El tiempo es el capital que a nadie se le puede usurpar y que nadie debiera usar mal, porque se volverá contra él. El dramaturgo Buero Vallejo decía que “el tiempo somos nosotros y no es posible detenerlo.” Puedo decir que el futuro está en mis manos. Amos Alcott llamaba al tiempo su mejor amigo, el que, mejor que nadie, le enseñaba la sabiduría del silencio.

Me reconozco




Me reconozco, como me reconozco en las fotografías, pero más de una vez me resisto a creer que sea yo.


Las palabras no dicen exactamente lo que uno es, sólo son una aproximación.


La verdadera historia de cada uno permanece tapada por las muchas palabras.


Mutatis mutandi.


Mutatis mutandi (cambiando lo que se deba cambiar), todo lo que fue bueno anteriormente, lo puede seguir siendo. Porque todo lo bueno es imagen de Dios (Sumo Bien), toda justicia es imagen de Dios (Suma Justicia), todo perdón es imagen de Dios (Todo Misericordia)

En más de una ocasión he dicho que el ser humano no es más que un cúmulo de experimentos en este acertijo de lo que Dios quiere y el hombre necesita. Lo encomiable no está sólo en el acierto con lo mejor. Fundamentalmente está en querer acertar con la Verdad.

De la década de los años 60 recuerdo un sinnúmero de artimañas de las que yo me servía para poderme reunir con los jóvenes. Lo loable no está en conseguir hacer la reunión, sino en el ¿para qué? Y aunque el fin no justifica los medios. A la hora de emprender una obra y tener que usar unos determinados medios, habrá que velar para que éstos se ajusten y no se opongan al bien que se busca.

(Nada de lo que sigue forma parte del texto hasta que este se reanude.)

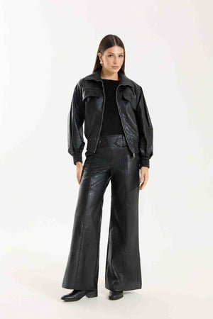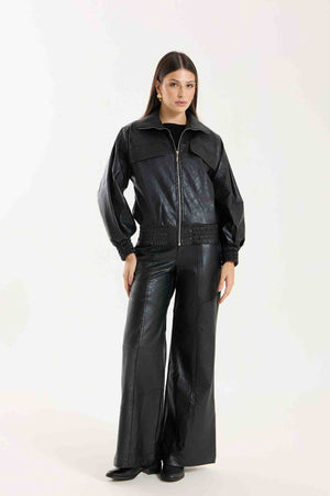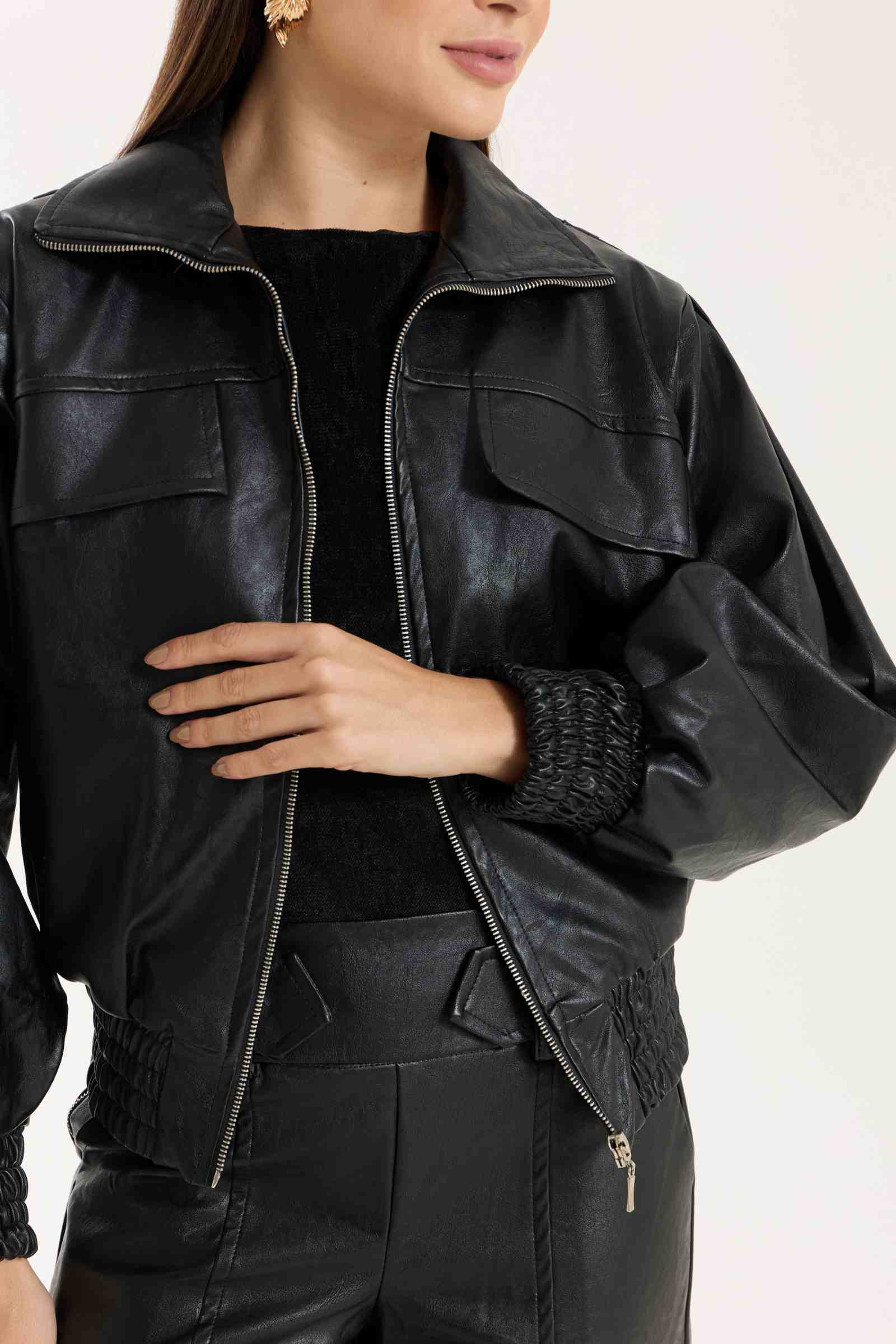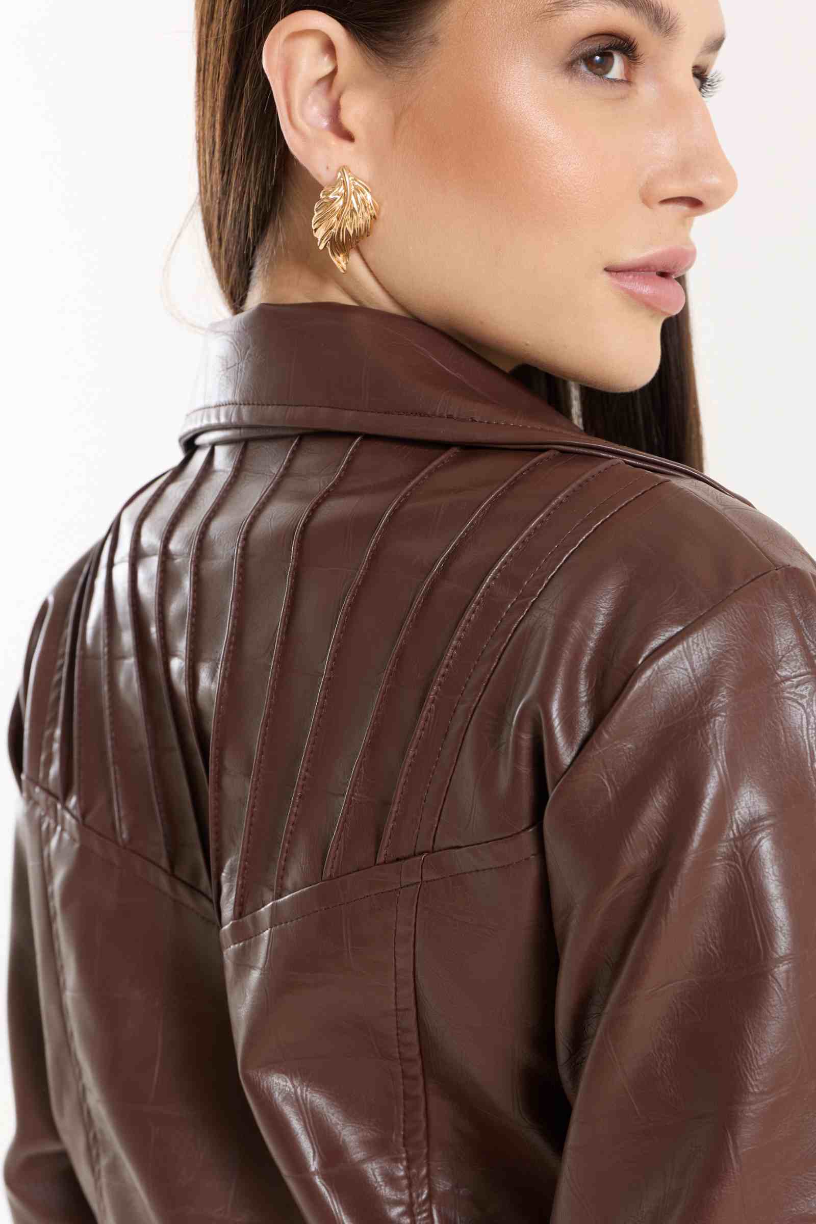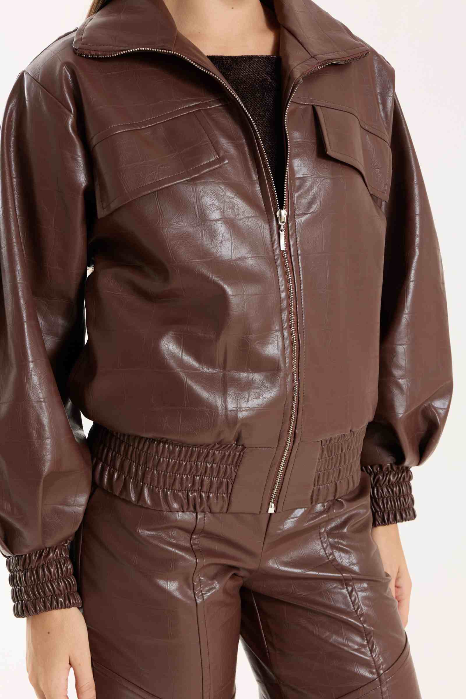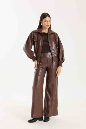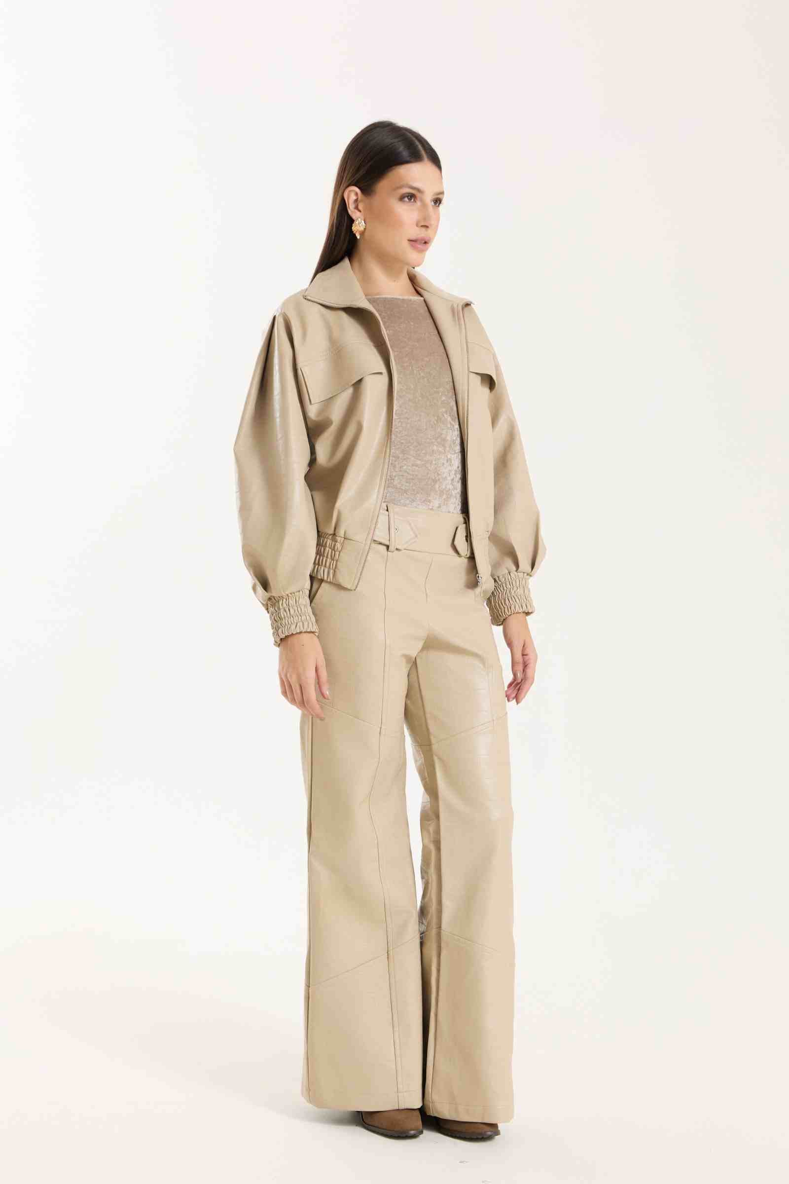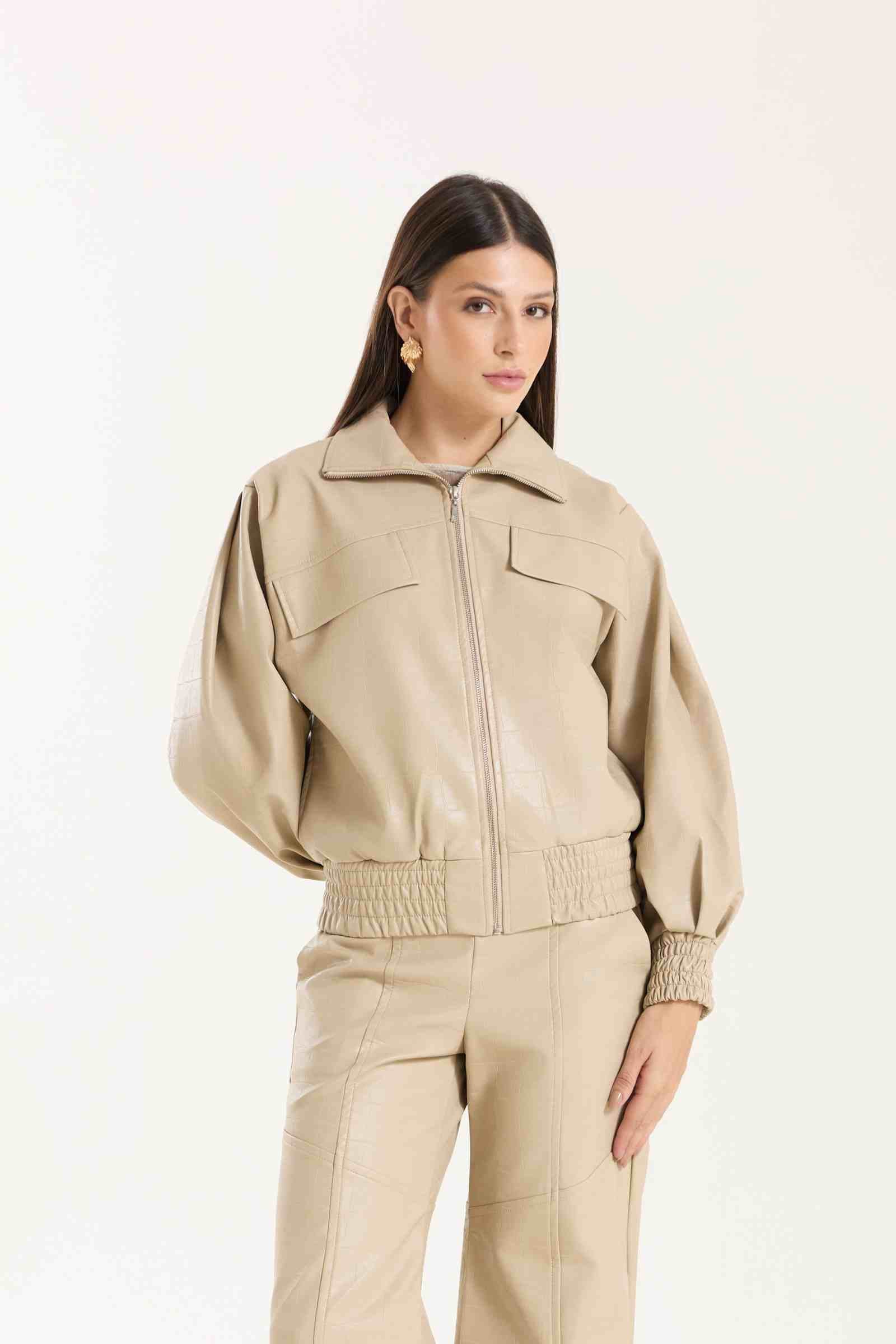 Jaqueta Victoria com modelagem oversized. Possui punhos com lastex, bolsos funcionais e detalhe em nervuras que agregam destaque e identidade à peça. Confeccionada em material com aspecto de couro, com base 100% viscose, oferecendo estrutura e acabamento sofisticado.

Un montaje de filatelia, con su sala, su fichero, sus álbumes, y demás material que requiere la actividad; con la mano de obra (los jóvenes), sus horas de trabajo, etc. etc. De tejas a bajo podía ser un buen hobby, un medio cultural y hasta un negocio; podía ser, como les hice ver, una forma de poder ayudar a las misiones. Pero en aquel primer momento, de mi ofrecimiento a ellos como director espiritual, primaba conseguir entrar a formar parte de su mundo, encarnarme yo en ellos, más que ellos en mi. Tuve que dejar que el tiempo transcurriera, soportar el choque primero generacional; sin olvidarme de que era mayor, para que la balanza de la justicia quedase en el fiel, tenía que valorarles a ellos más que a mi. Sin falsos orgullos, tengo que decir que aquellas sala de la filatelia pasó a ser sala de encuentro entre amigos. Seguíamos trabajando con los sellos: Los recogíamos por las oficinas, los lavábamos, los seleccionábamos, los clasificábamos en álbumes, los vendíamos, solucionábamos algún problema. Pero lo bueno de verdad era que habíamos conseguido la comunión entre nosotros bajo en influjo de la levadura de Jesús.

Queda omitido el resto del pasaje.